Our silent and quick retreat Saturday and subsequent abstention is in stark contrast with our performance at the April 2001 FTAA summit in Quebec City during which we fully engaged with the breakaway protest that confronted the fence and stood shoulder to shoulder with those young militants as an incredible barrage of gas was fired on the crowd. At the time we denounced the Trade Union tops and media who “by playing up distinctions between the ‘violent’ protesters at the fence and the far more numerous ‘peaceful’ ones in the official march, the media sought to marginalize the young radicals who stood up to the cops.”  This time we found ourselves dutifully following the bureaucrats and internally scorning the breakaways as childish adventurists bent on mindless violence. One must therefore begin to draw the conclusion that our group has suffered significant degeneration during the decade or so since.
When I raised these serious criticisms, all but our comrade in Ireland immediately and mindlessly lined up behind our leadership before even addressing my points. A variety of personal slanders was used to discredit my opinion and I was shocked at how the overwhelming majority of our group could only view dissent as anger and hostility toward our dear leader Tom Riley. Any attempt to sympathize with my perspective was hedged in the conception that I was childishly fetishizing arrest and confrontation with the police despite making it clear that I was doing no such thing. Such unhealthy internal life confirmed my worst suspicions about our organization.
I formally joined the IBT in the spring of 2009 after being a sympathizer working with the group for two years in Toronto. The high level of programmatic education earned my confidence and respect despite the small size of the group relative to others. However, when the resignation of Sam Trachtenberg  in New York came to light I took some time to investigate his case and delayed applying for full-time membership. The political criticisms raised by Sam. were never explained to me. Instead, damning personal attacks were made against his credibility. Personal health issues were ruthlessly exploited and distorted in order to discredit him and avoid articulating any of his criticisms. Unable to recognize these attacks for what they were, I submitted my application and after being accepted, I brought up the fact that I had taken a good look at Sam’s case before finalizing my decision to join. I was told he was paranoid and delusional, and that it was a good thing he left so the leadership didn’t have to work even harder to push him out. I regret that I did not contact Sam, at the time to get his side of the split but in my defense, my personal ties to the younger comrades in the TBT local influenced me to leave the issue in the past though I kept my suspicions in the back of my mind for a day when more information would come to light.

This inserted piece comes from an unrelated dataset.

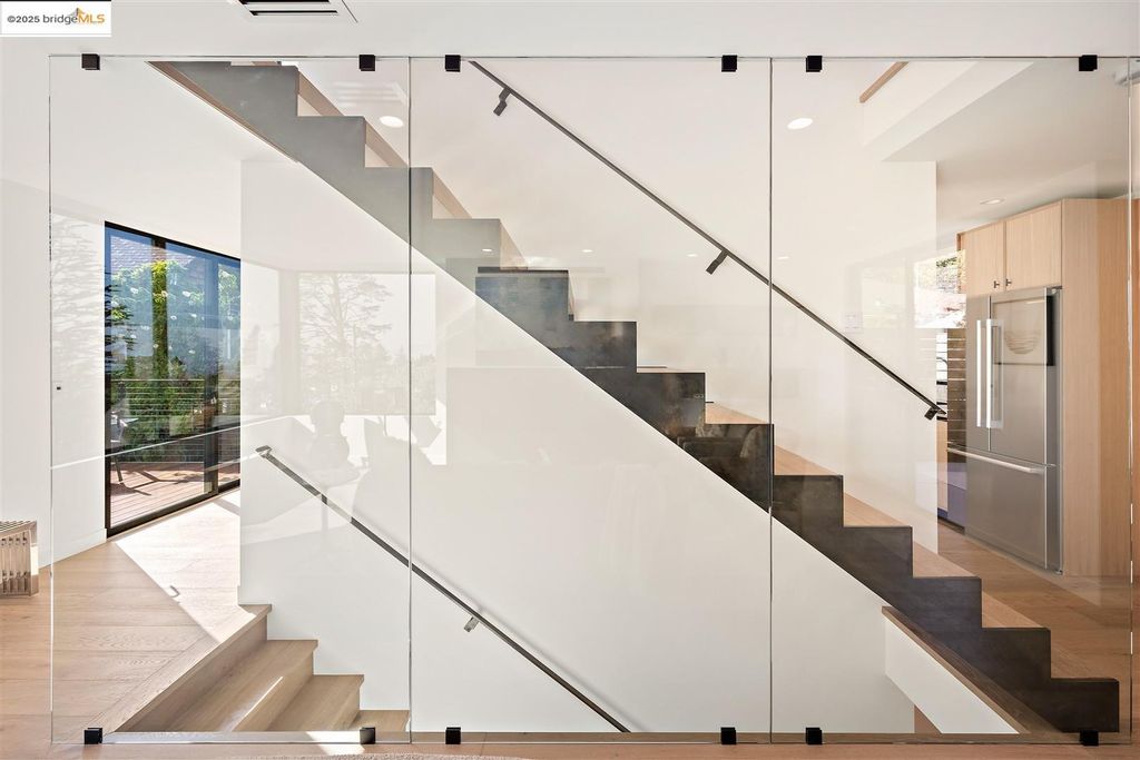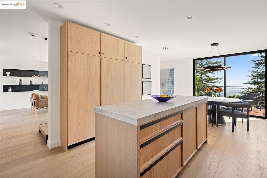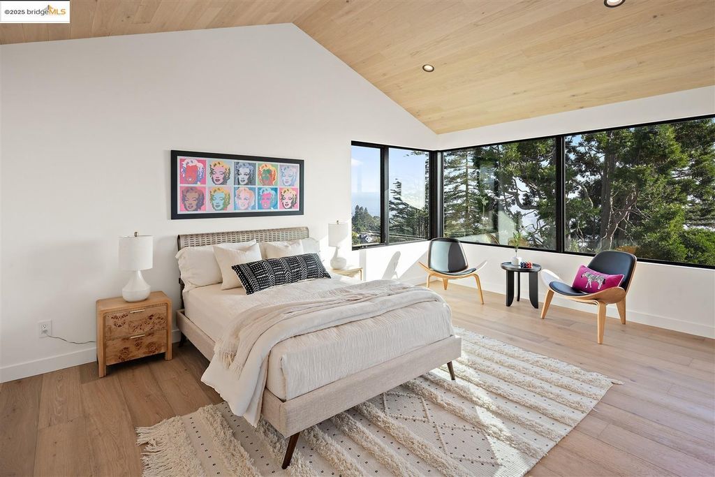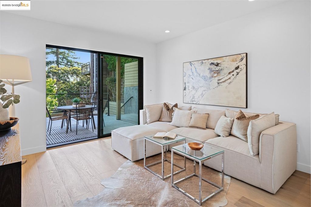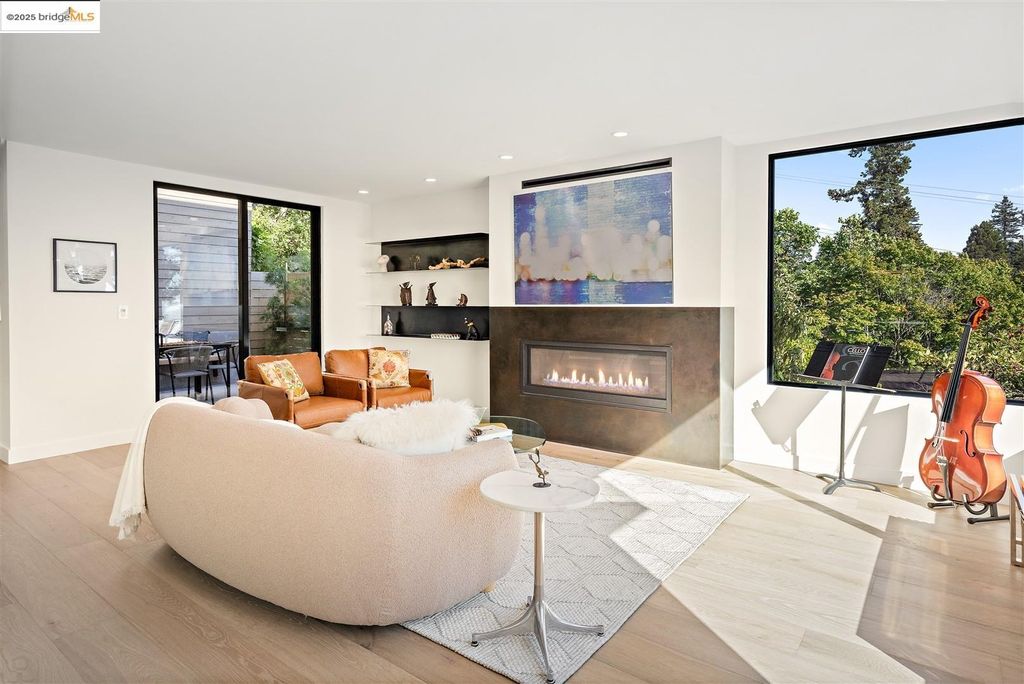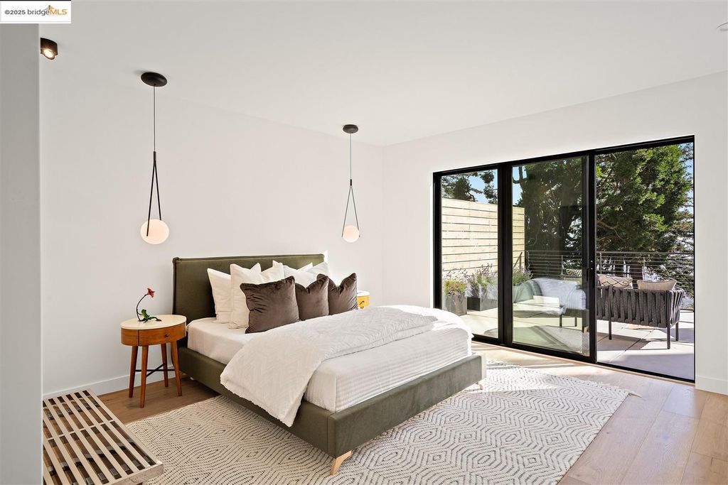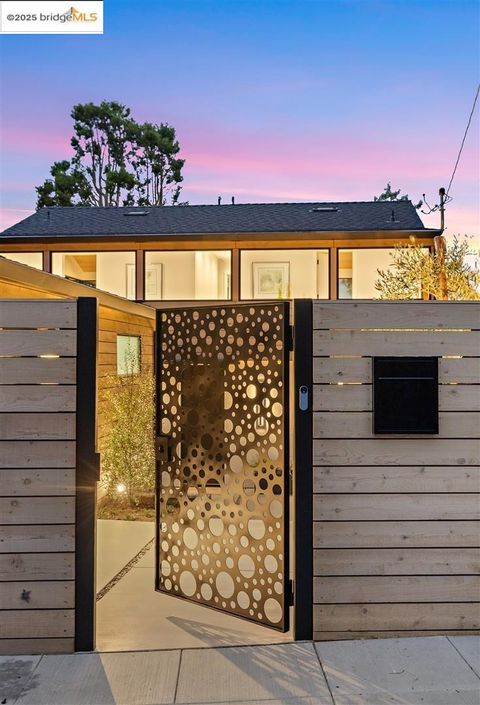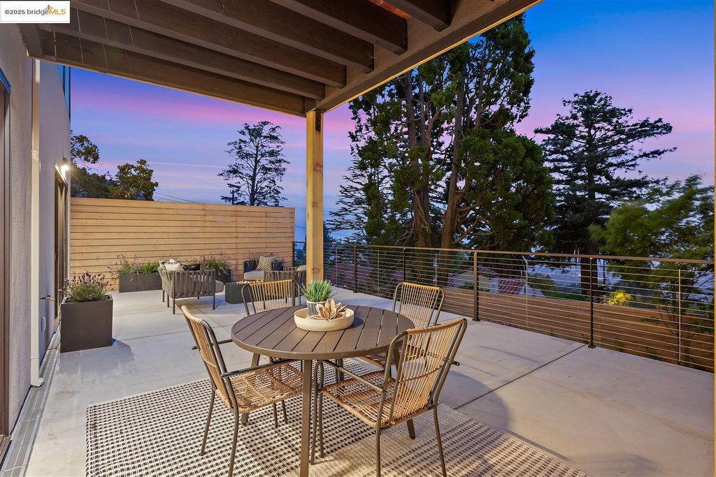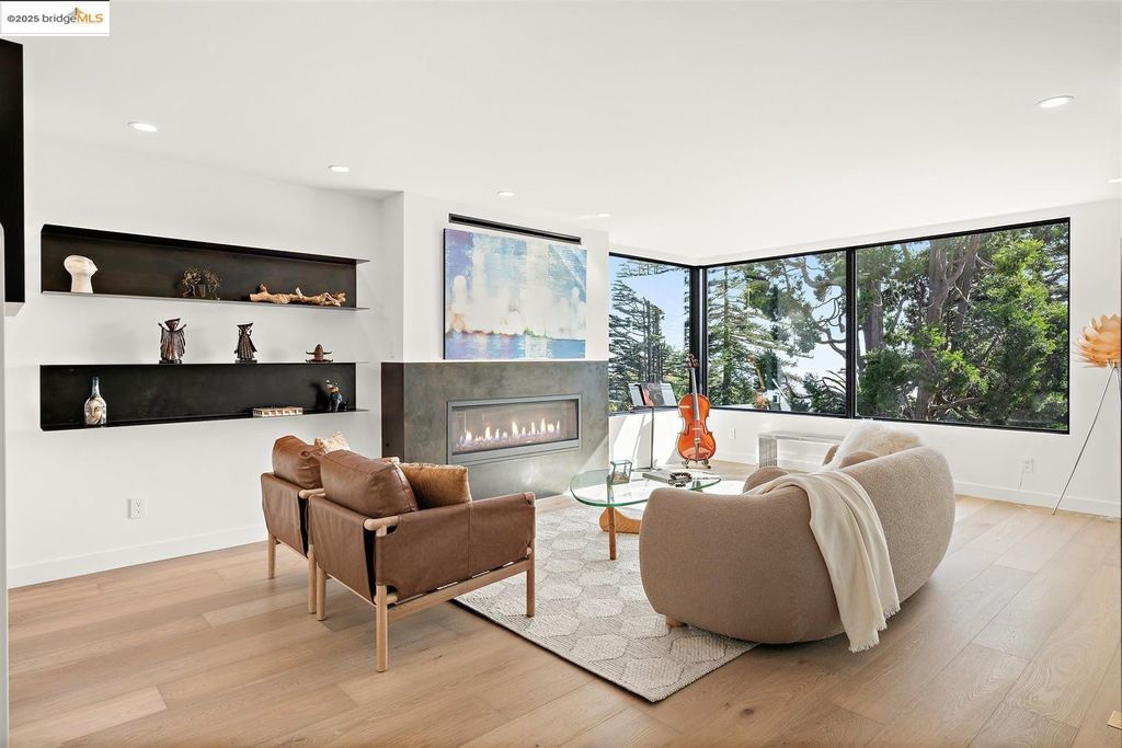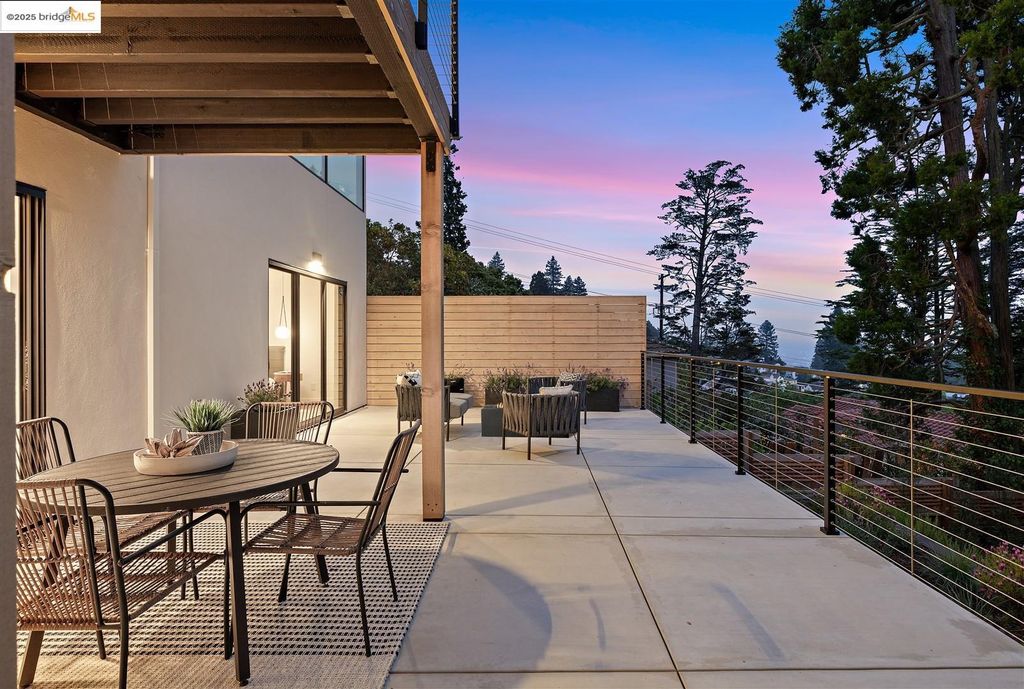 Sophisticated European modern showcase, built to exacting standards and filled with custom details and the work of local artisans, and set just up the hill from Berkeley's prized Gourmet District. Enjoy the play between elements such aa fabricated steel shelving and airy glass walls in the living room, precise corners and sinuous curves, a cozy corner seat in the grand upstairs gallery or the open Bay views that extend to the horizon from the upstairs deck. Imported materials fill the home, from the white oak flooring to the kitchen counters and cabinetry and the bathrooms. This home has just been rebuilt from the foundation to the top of the roof, completely up to modern engineering standards, with GREEN features and systems designed for your easy and comfortable lifestyle.

At a 15 April 2010 local meeting it was suggested that a comrade who roughly fit my own description in terms of my limited relationship with Sam “befriend” him on a social media site in order to monitor him and relay information back to the leadership. I was the only person to comment on that point, stating that I would be the best candidate for such a job but that I don’t feel comfortable with it; that it felt dishonest and wrong. Riley merely shrugged and dismissed my objections by saying it wasn’t so bad and I shouldn’t have a problem with it. This was another weird side of the organization to which I responded with dismay. Could Samuel Trachtenberg be accurately describing the internal workings of my group? The validity of his case had grown with time and now a concrete example of unhealthy leadership practices had been demonstrated to me. I must now conclude that a disgusting campaign of lies and slander was used against Sam in order to push him out after he made various correct criticisms of the leadership. I now agree with Sam’s criticisms and urge comrades to look at them with open eyes.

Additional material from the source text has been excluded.